In a preferred embodiment, every part of nutrient drug comprises 1mg to 1000mg, more preferably 2mg is to the Cajanus (the preferably form of the extract of inclusion compound A-H) of 500mg and 1mg to 2000mg, preferably 1mg is to the glycosamine of 1500mg.
In another aspect, the present invention relates to comprise medicine according to compositions of the present invention and medicine acceptable carrier.
Those skilled in the art will know that which kind of carrier can be used as the medicine acceptable carrier.Suitable pharmaceutical carrier is for example at the canonical reference document of this area---describes to some extent among the preceding text Remington ' s Pharmaceutical Sciences.The example of the receivable carrier of this type medicine is the inorganic and organic support material that is applicable to that mouth/parenteral/injectable is used, and comprises water, gelatin, arabic gum, lactose, starch, magnesium stearate, Talcum, vegetable oil or the like.

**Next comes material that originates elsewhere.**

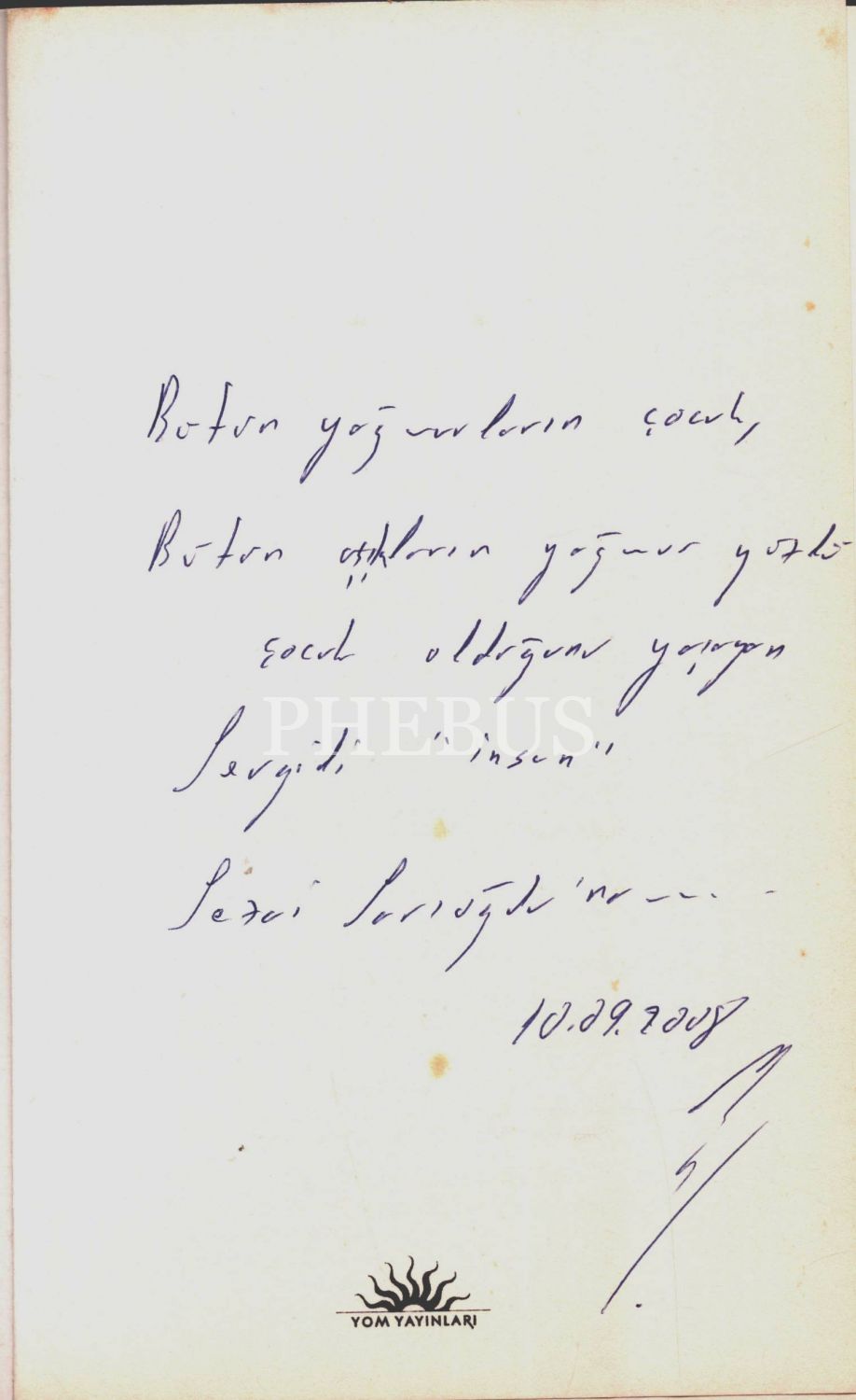 İthaf, "Bütün yağmurların çocuk, Bütün aşıkların yağmur yüzlü çocuk olduğunu yazan? Sevgili ´insan´ Sezai Sarıoğlu´na... 10.09.2008 Yazıcı" şeklindedir.

Pharmaceutical composition can also contain conventional medicated premix and adjuvant, excipient or diluent, and it includes but not limited to: the gelatin in water, any source, plant gum, lignosulfonates, Talcum, sugar, starch, arabic gum, vegetable oil, PAG, flavoring agent, antiseptic, stabilizing agent, emulsifying agent, buffer, lubricant, coloring agent, wetting agent, filler or the like.

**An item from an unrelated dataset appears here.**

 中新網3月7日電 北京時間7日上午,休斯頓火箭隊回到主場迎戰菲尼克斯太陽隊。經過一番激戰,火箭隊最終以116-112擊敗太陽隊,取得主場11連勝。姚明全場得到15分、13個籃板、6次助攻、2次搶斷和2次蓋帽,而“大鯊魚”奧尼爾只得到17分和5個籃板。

In a preferred embodiment, medicine is the form of powder, tablet, capsule, gel, liquid or solid embodiment.
The dosage of each component and ratio can use common clinical preceding and clinical trial to confirm by those skilled in the art in the pharmaceutical composition, or use the common consideration about the nutraceutical composition preparation to determine.
In a preferred embodiment, active component is used with the mode of single dosage or a plurality of dosage through pharmaceutical composition, wherein
The consumption of Cajanus is 0.01mg/kg body weight/day at least; Be preferably the 0.1-50mg/kg body weight/day, be most preferably the 0.3-15mg/kg body weight/day, for example 0.8 to the 8mg/kg body weight/day; The consumption of glycosamine is 0.01mg/kg body weight/day at least; Be preferably the 0.1-50mg/kg body weight/day, be most preferably the 0.3-15mg/kg body weight/day, for example the 3-25mg/kg body weight/day.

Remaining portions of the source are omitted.